HOUSE BILL REPORT
HB 2723
As Reported By House Committee On:
Agriculture & Ecology
Title: An act relating to agriculture.
Brief Description: Regulating agricultural activities.
Sponsors: Representatives Chandler and Chappell.
Brief History:
Committee Activity:
Agriculture & Ecology: 1/31/96, 2/1/96 [DPS].
HOUSE COMMITTEE ON AGRICULTURE & ECOLOGY
Majority Report: The substitute bill be substituted therefor and the substitute bill do pass. Signed by 11 members: Representatives Chandler, Chairman; Koster, Vice Chairman; Chappell, Ranking Minority Member; Linville, Assistant Ranking Minority Member; Boldt; Clements; Delvin; Honeyford; Johnson; Robertson and Schoesler.
Minority Report: Without recommendation. Signed by 5 members: Representatives R. Fisher; Murray; Ogden; Regala and Rust.
Staff: Kenneth Hirst (786-7105).
Background: The Washington Industrial Safety and Health Act (WISHA) is administered by the Department of Labor and Industries. Under WISHA, the department has adopted a safety standard for agriculture.

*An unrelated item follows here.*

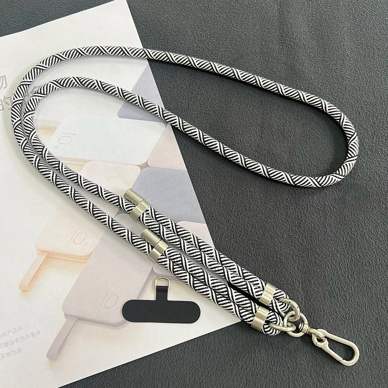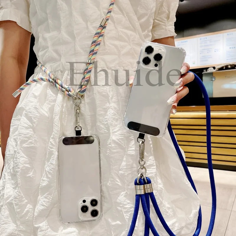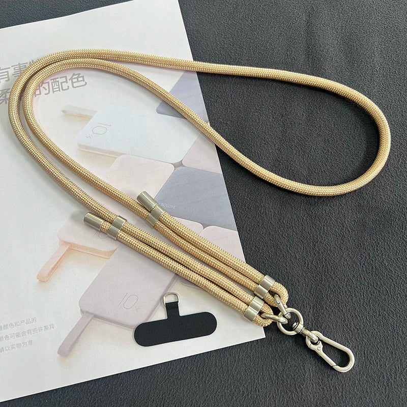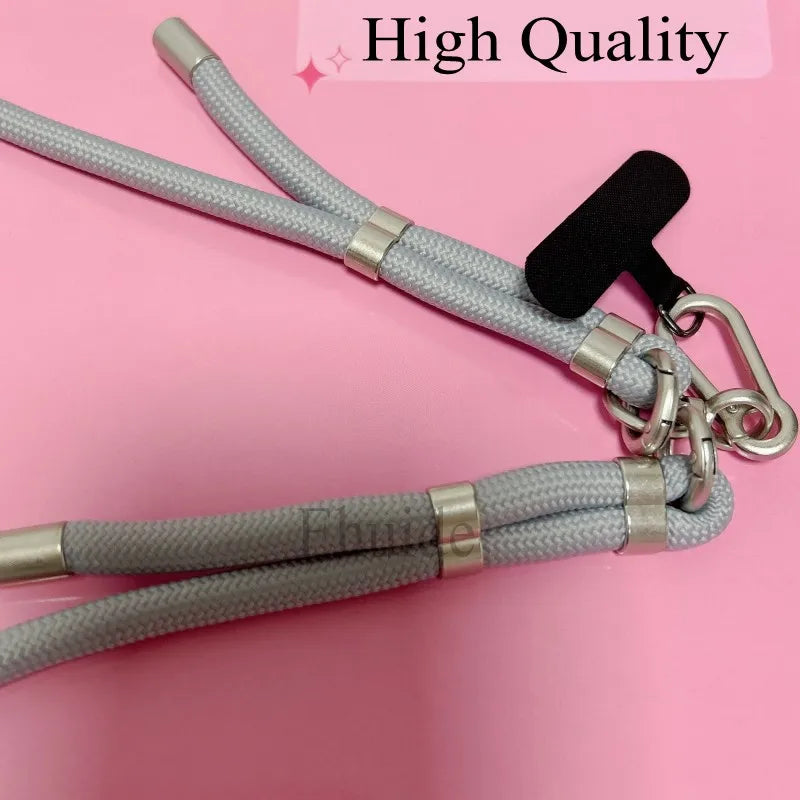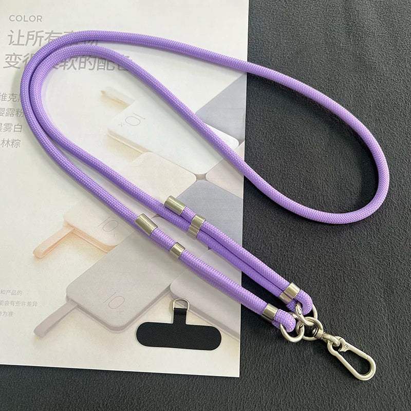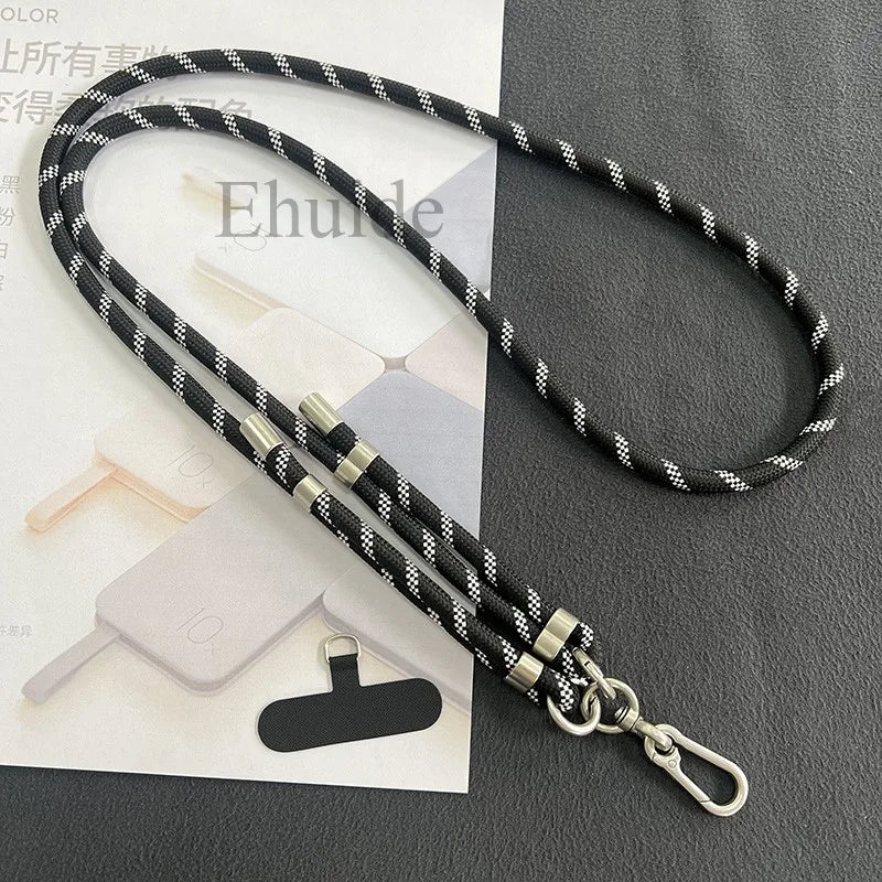 Dieses universelle Crossbody-Handy-Lanyard ist speziell für moderne Smartphones wie iPhone 14 Pro Max, iPhone 15 Pro Max, Samsung S25/S24 Ultra und Redmi Note 13 Pro 4G entwickelt. Mit einem robusten 8 mm Nylonseil und einer Länge von 150 cm bietet das Lanyard Komfort und Sicherheit beim Tragen Ihres Handys, egal ob am Hals, Handgelenk oder als Umhängegurt.

The standard applies to all agricultural operations, which are defined as being operations necessary to farming and ranching, including maintenance of equipment and machinery, and planting, cultivating, growing or raising, keeping for sale, harvesting, or transporting on the farm or to the first place of processing any tree, plant, fruit, vegetable, animal, fowl, fish, or insects or products thereof. When employees are assigned to perform tasks other than those directly related to agricultural operations, the proper standard, which may be other than the agricultural standard, is to apply. The standard notes that such assignments may involve, but are not limited to activities, such as fruit and vegetable packing, logging, mining, sawmills, etc., when the products of such activities are removed from the farm site for commercial distribution.
Summary of Substitute Bill: To provide guidance in determining when operations related to agricultural products are to be regulated under WISHA as agricultural operations under agricultural safety standards, and when they are to be regulated as other activities, a definition of "agriculture" is provided by statute. For this purpose, "agriculture" means farming in all its branches and includes the cultivation and tillage of the soil and dairying; the production, cultivation, growing, and harvesting of any agricultural or horticultural commodity or private sector aquatic product; the raising of livestock, bees, fur-bearing animals, or poultry; and any practices (including forestry or lumbering operations) performed by a farmer or on a farm in conjunction with such farming operations, including preparation for market and delivery to storage, market, or carriers.
Substitute Bill Compared to Original Bill: Private sector aquatic products are expressly added by the substitute bill to the agricultural commodities regulated under the WISHA safety standard for agriculture. The substitute bill clarifies that the definition it provides is for determining when the safety standard for agriculture applies and when it does not.
Appropriation: None.
Fiscal Note: Not requested.
Effective Date of Substitute Bill: Ninety days after adjournment of session in which bill is passed.
Testimony For: (1) If a worker sorts strawberries in the field, the sorting comes under the agricultural standard. If the sorting takes place in a shed, it no longer falls under the agricultural standard. Farmers should not have to look beyond the "one book" of standards they were supposed to receive under legislation enacted last year, but the department continues to provide a moving target as to the standards that apply to them. (2) The department has one definition of agriculture for workers' compensation and wage and hour regulations and another for safety standards.
Testimony Against: None.
Testified: Chris Cheney, Washington Growers League; and Pat Boss, Hop Growers of Washington (in favor).